Mission 300 Energy Summit: Africa’s Leaders Unite to Transform the Energy Sector

Tomorrow, Dar es Salaam, Tanzania, will host the Mission 300 Africa Energy Summit, bringing together African heads of state, business leaders, and development partners to address Africa's energy access challenges. The goal? To provide reliable, affordable, and sustainable electricity to 300 million Africans by 2030. This summit, held from January 27-28, 2025, marks an unprecedented collaboration between the African Development Bank, the World Bank Group, and global partners. With nearly 600 million Africans lacking electricity, this initiative aims to close the gap using innovative technology and financing. Key outcomes expected: The Dar es Salaam Energy Declaration: A roadmap of commitments from African governments to reform the energy sector. National Energy Compacts: Country-specific plans from 12 nations, including Chad, Nigeria, Senegal, and Tanzania, detailing targets and timelines for critical reforms. With over 1,000 participants—including private-sector leaders—the summit seeks to forge partnerships and catalyze progress toward universal energy access, unlocking development opportunities and creating jobs across the continent. Join the conversation on Twitter: #PoweringAfrica
January 26, 2025

African heads of state, business leaders, and development partners will converge tomorrow in Dar es Salaam, Tanzania, for the Mission 300 Africa Energy Summit where they will commit to ambitious reforms and actions to expand access to reliable, affordable, and sustainable electricity to 300 million people in Africa by 2030.

Mission 300 is an unprecedented collaboration between the African Development Bank, the World Bank Group, and global partners to address Africa’s electricity access gap using new technology and innovative financing. Nearly 600 million Africans lack electricity, which is crucial for development and job creation.

Several heads of state and government from Africa will join more than 1,000 other participants—with strong representation from the private sector—at the January 27-28 summit. Together, they will chart Africa’s course toward universal access to energy.

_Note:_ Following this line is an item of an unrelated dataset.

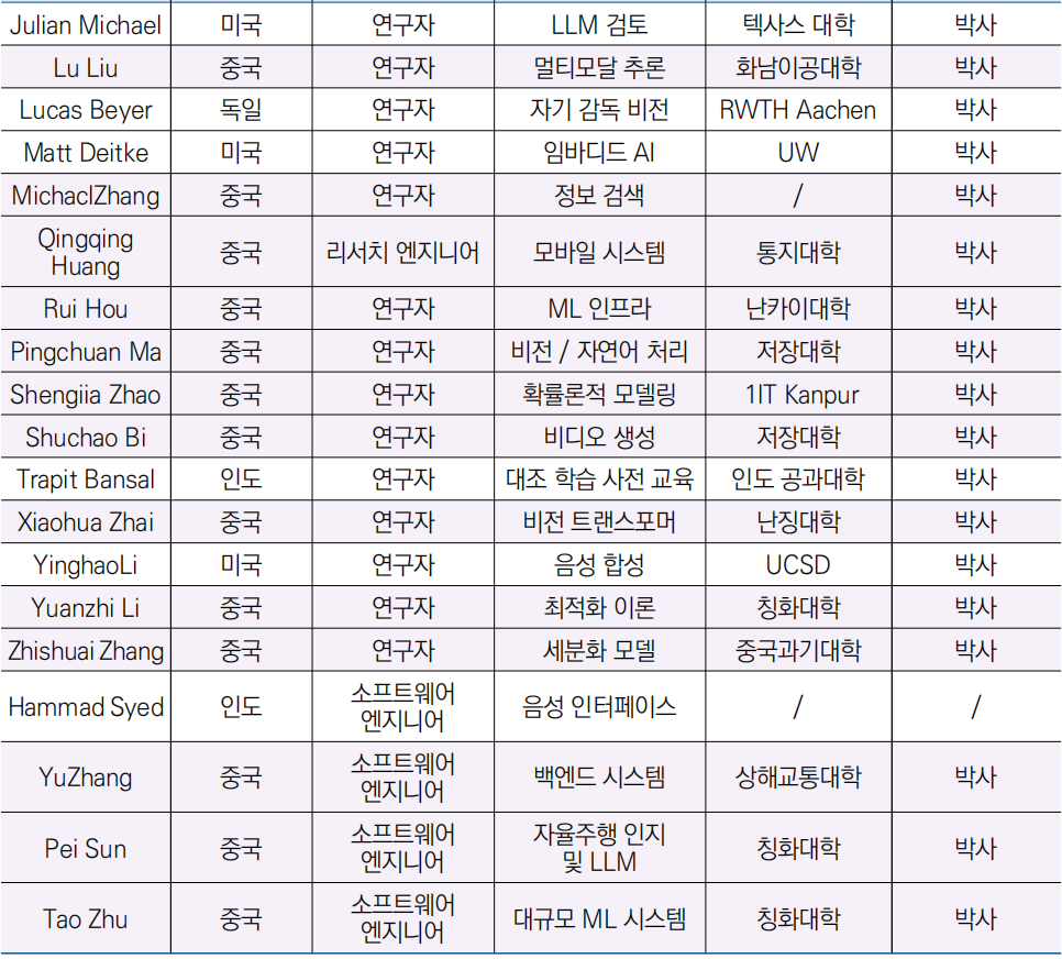 ○ (중국계 절반) 슈퍼 인텔리전스 팀 44명의 구성원 중 21명(약 50%)은 중국계 배경을 보유하고 있으며 문화적 동질성과 AI 분야 내 중국계 인재의 국제적 경쟁력이 반영

This week’s summit is expected to yield two significant outcomes: the Dar es Salaam Energy Declaration, outlining commitments and practical actions from African governments to reform the energy sector, and the first set of National Energy Compacts, which will serve as blueprints with country-specific targets and timelines for implementation of critical reforms.

In the first phase, 12 countries will present their energy compacts: Chad, Côte d’Ivoire, the Democratic Republic of Congo, Liberia, Madagascar, Malawi, Mauritania, Niger, Nigeria, Senegal, Tanzania, and Zambia. Other African countries are expected to develop their compacts in subsequent phases.

The partnerships forged and commitments made by the continent’s leaders and changemakers gathering in Dar es Salaam this week will shape the continent’s journey toward achieving universal energy access, transforming millions of lives, and driving sustainable development and job creation.